Excerpts from the diary had been published decades ago, but students of the battle wanted the original.

“It’s a voice from Valcour Island,” said Art Cohn, of the Lake Champlain Maritime Museum, who has studied the battle for decades. “It is somebody literally speaking to us from the event that we hold so highly as a component of the American story.”

In 1997, an American gunboat was discovered upright and in pristine condition in deep Lake Champlain waters. Using diary excerpts published after the book’s discovery in the 1930s that he read in the 1990s, Cohn presumed the boat was the Spitfire. A mis-transcribed name of the boat’s commander in the earlier version kept the issue unsettled.

“It confirmed that everything that Art did was correct,” said Charles Pippenger, a semi-retired neurologist and amateur historian from South Burlington who discovered the diary in March. “They already knew it was the Spitfire, but they spent several years trying to figure this out. If they had had the diary they would have known immediately.”

Now, Cohn has written a plan to raise the Spitfire, preserve it and build a museum where it would be displayed.

The Battle of Valcour Island pitted a small American fleet led by Gen. Benedict Arnold — before he turned traitor — assembled in 1776 at Skenesborough — now Whitehall, New York — to counter a larger British fleet being built in Quebec. The British intended to sail south as part of a broader campaign to split New England from the rest of the country and end the rebellion.

Wigglesworth, an experienced mariner from Massachusetts, was placed in command of a battalion dispatched to Fort Ticonderoga, the American bastion on Lake Champlain.

The British were clear winners after a day of heavy fighting near Valcour Island, just south of Plattsburgh, New York. But it was Wigglesworth who in the dark of night led the surviving American vessels through the British lines and retreated south, preserving the American naval forces on the lake.

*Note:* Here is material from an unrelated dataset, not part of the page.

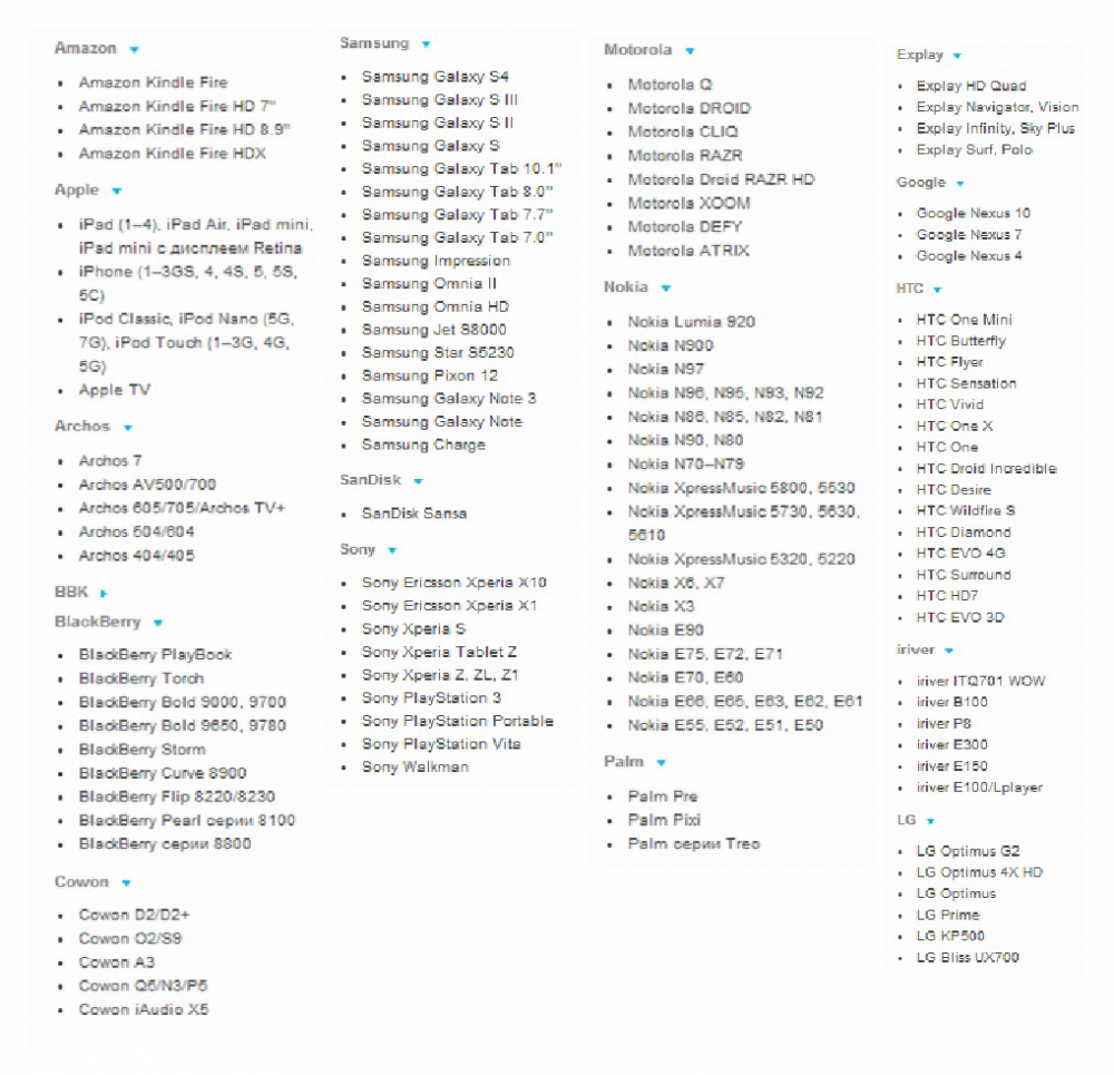 - Возможность использования готовых шаблонов настройки конвертации для устройств, перечень которых приведен в скриншоте ниже.

Even though the British won the battle, it delayed for a year the British advance south. The extra year gave the Americans time to assemble the forces that were used to win the 1777 Battle of Saratoga, which led to French recognition of the United States.

The first historical reference to the diary is found in the mid-1800s, but after that, it disappeared until 1932 when it was bought by a Vermont man. After his death, it was given to the Bennington Museum. It was not cataloged by the museum staff until 2009 and posted online late last year.

Pippenger found the online listing in March and photographed the entire 34-page document. An article he wrote about the discovery, which includes a number of historical corrections, is set to be published this week by the Journal of the American Revolution.

He says the original version is always better than the snippets frequently used in histories.

“What makes it really significant is you are back to the original thing, the total story,” Pippenger said.